Именно после падения Наполеона, натворившего в Венеции столько дел (и плохих, и хороших), Венеция расцвела в последний раз.
В город тогда вернулись многие из похищенных французами картин: один из главных экспонатов выставки – знаменитый холст Джузеппе Борсато, посвященный возвращению «Ассунты» в Италию, привезенной из Парижа и выставленной в исторических залах Галереи Академии в 1822 году. Но главное, что в город вернулись европейские интеллектуалы и началась правильная движуха.
Руководителем венецианской Академии художеств был тогда археолог и библиограф (а также арт-критик и, в общем, полноценный интеллектуал) Леопольдо Чиконьяра, друг великого скульптора Кановы и популярного тогда, но совершенно забытого ныне романтика и классициста Франческо Айеца, художника невысокого полета, но крайне востребованного и трудолюбивого. Смотреть его картины скучно, как и разглядывать великолепные, но совершенно холодные (ледяные даже) совершенства Кановы.
Отлично понимая, что середина XIX века не лучшая приманка для посетителей, и без того обделенных главным, умные кураторы построили свой проект вокруг общего венецианского контекста того времени, из-за чего самыми интересными оказались не большие залы с огромными картинами и скульптурами, но загончики, посвященные жизни Байрона (хотя бюст поэта делал уже Торвальдсен) в Венеции или же взаимоотношениям местных художников с венскими императорами. А еще тому, как город на воде переживал смерть Кановы, своего последнего общепризнанного гения. Благо скульптор оставил массу надгробий, одно из которых, изначально предполагавшееся Тициану, стало его собственным.
То, что мы видим сегодня во Фрари, – компиляция изначальных разработок Кановы и компромиссных решений его учеников, созданных на основе проекта мастера. Действительно, интересно следить, как менялся проект и как на него реагировали современники: в экспозиции есть интересная акварель тех лет – разодетые в шелка люди под сводами Фрари рассматривают совсем новую мраморную пирамиду – надмогильный монумент Кановы, стоящий напротив безвкусно роскошной гробницы Тициана, подаренной ему венецианцами.

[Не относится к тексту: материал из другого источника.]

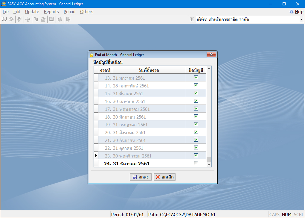 - การปิดบัญชีสิ้นเดือนของโปรแกรม จะเป็นการล็อคการบันทึกในงวดบัญชีนั้นไม่ให้เข้าไปบันทึก หรือแก้ไขในงวดบัญชีนั้น แต่สามารถจะเปิด หรือปิดได้อย่างง่ายได้เพียงเอาเครื่องหมาย "ถูก"ในงวดบัญชีนั้นออกก็สามารถบันทึกรายการได้ตามปกติ(ไม่ใช่การปิดบัญชีตามความหมายทางบัญชีทั่วไป)

Так как экспозиция посвящена не только и не столько художникам, создавшим в городе художественную ситуацию, но самому музею, экспонаты ее распределены по основной экспозиции (в зале Скуолы Карита, например, показывают рисунки Айеца с работ Тициана, которые многие принимают за наброски самого Тициана, конечно же), а картины в «основных, но временных залах» отобраны таким образом, чтобы внимательный зритель получил представление о начальной эпохе работы Галереи Академии.
Весьма, надо сказать, остроумная идея связать все это с реконструкцией, забравшей максимальное количество выставочных площадей, и, таким образом, притвориться, что привычный вид музея принесен в жертву большому юбилейному проекту.
«Последняя слава Венеции», надо сказать, выставка многотрудная и собранная по всему свету. Айец хоть и родился в Венеции, но умер в Милане, где в Брера осело максимальное количество его работ, больших по формату, которые нужно было привезти. Под археологическим оком Чиконьяры Канова и Айец логично воспевали античные каноны и ожидаемо следовали древнегреческим образцам и пропорциям, поэтому один из последних залов выставки посвящен Палладио. После чего начинаются «вспомогательные» галереи с барельефами и скульптурами уже одного Кановы, таящими в себе небольшой бонус.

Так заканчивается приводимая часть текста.